Status: Proposed Date: 2026-06-12 Deciders: PatrickJS Index: Design decisions Depends on: ADR-0001 (agent steps)
Proposed design. Nothing here is a shipped behavior claim; claims and tests land with the implementation per AGENTS.md.
AGENTS.md mandates a review discipline that is currently entirely manual: before a tranche is complete, a second agent or fresh session runs with the objective “find where the implementation betrays README.md and docs/, and prove it empirically with a scratch pipeline.” The reviewer falsifies; it does not confirm. This discipline exists because self-verification failed here before — checks passed while promises broke.
Today this works through prompt copy-paste and goal-directory receipts (goals/*/state.yaml records a worker/judge pattern). Nothing in the pipeline knows the review happened, what it examined, or what it found. The claims registry (tests/claims.json) makes claim→test existence checkable mechanically; the reviewer owns sufficiency — whether the test actually exercises the promise.
Forces: ADR-0001 provides policy-bounded agent tasks with transcripts; source composition already provides scratch checkouts (.async/sources warm clones) for many-repo runs; an adversarial reviewer needs read access plus the ability to run things in a scratch copy, but must never gain write access to the tree under review; a falsification objective is only credible if the reviewer’s failures block something.

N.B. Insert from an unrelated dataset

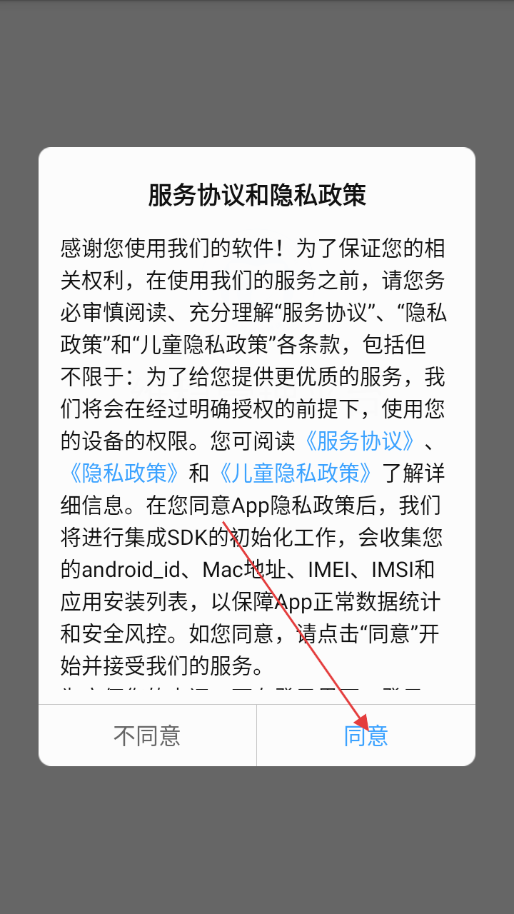 1、首次打开应用,阅读【服务协议和隐私政策】后点【同意】,进入下一步。

Productize the discipline as a documented pattern — an agent() task with a falsification prompt, a scratch source checkout, and a structured receipt — shipped first as an example, promoted to a primitive only if the pattern stabilizes.
review job, not a new core concept. A pipeline declares a review job whose task is agent() with: a scratch checkout of the repo at the candidate commit (reusing source machinery), command policy granting read tools plus the project’s own verification commands inside the scratch copy only, and the claims registry as declared input.upheld with the exercising command, or falsified with a reproduction..async/runs/<run-id>/review.json: claims examined, verdicts, reproduction commands, transcript reference. A falsified verdict fails the task — and therefore the job — so review findings block exactly like test failures.| Dimension | Assessment |
|---|---|
| Complexity | Low — composes ADR-0001 + existing sources |
| Rigidity | Low — prompt and policy iterate per repo |
| Enforceability | Receipt schema checkable; pattern itself opt-in |
| Risk | Reviewer quality varies; pattern may stay bespoke |
Pros: examples are exercised by release:check, so the pattern stays runnable; learns what the receipt schema should be before freezing it; zero new core surface.
Cons: “documented pattern” is weaker than a primitive — drift across adopters; receipt schema informal until promoted.
review primitive in core now| Dimension | Assessment |
|---|---|
| Complexity | Medium-high — new job kind, receipt schema in record shape |
| Rigidity | High — schema freezes at 1.0 |
| Enforceability | Strong — schemaVersion-ed receipts, standard CLI |
| Risk | Freezing a shape designed from one repo’s experience |
Pros: receipts become portable evidence across projects; tooling (badges, dashboards) gets a stable target. Cons: this repo is the only known user of the discipline; designing the frozen schema from n=1 is how surfaces end up wrong at 1.0.
| Dimension | Assessment |
|---|---|
| Complexity | Zero |
| Rigidity | None |
| Enforceability | None — discipline lives in AGENTS.md prose |
| Risk | The known one: skipped or shallow reviews leave no trace |
Pros: maximum reviewer freedom; no machinery. Cons: unfalsifiable process — nothing records whether the adversarial pass happened or what it covered; the discipline’s own standard (“prove it empirically”) applied to itself fails.
C fails the repo’s own bar: a review discipline whose execution leaves no evidence is exactly the kind of claim AGENTS.md distrusts. B is premature standardization — the receipt schema worth freezing is the one that survives contact with real reviews, and there has been exactly one project’s worth of those. A is the falsifiable middle: the pattern ships as a runnable example (so it cannot rot silently), receipts accumulate, and promotion to primitive happens with schema evidence in hand.
The sharpest open question in A is reviewer independence. A reviewer agent configured by the same pipeline.ts it reviews could be steered by a malicious or sloppy change (weakened prompt, narrowed policy). Mitigation in the pattern: the review job’s prompt and policy live in a file the review task declares as input, so tampering dirties the review and is visible in the diff — imperfect, honest about being so.
examples/adversarial-review/ exercised by the examples test, with a mocked agent (command.mock) proving the receipt path and failure propagation without a model in CI.review.json shape; collect real receipts from this repo’s own tranches.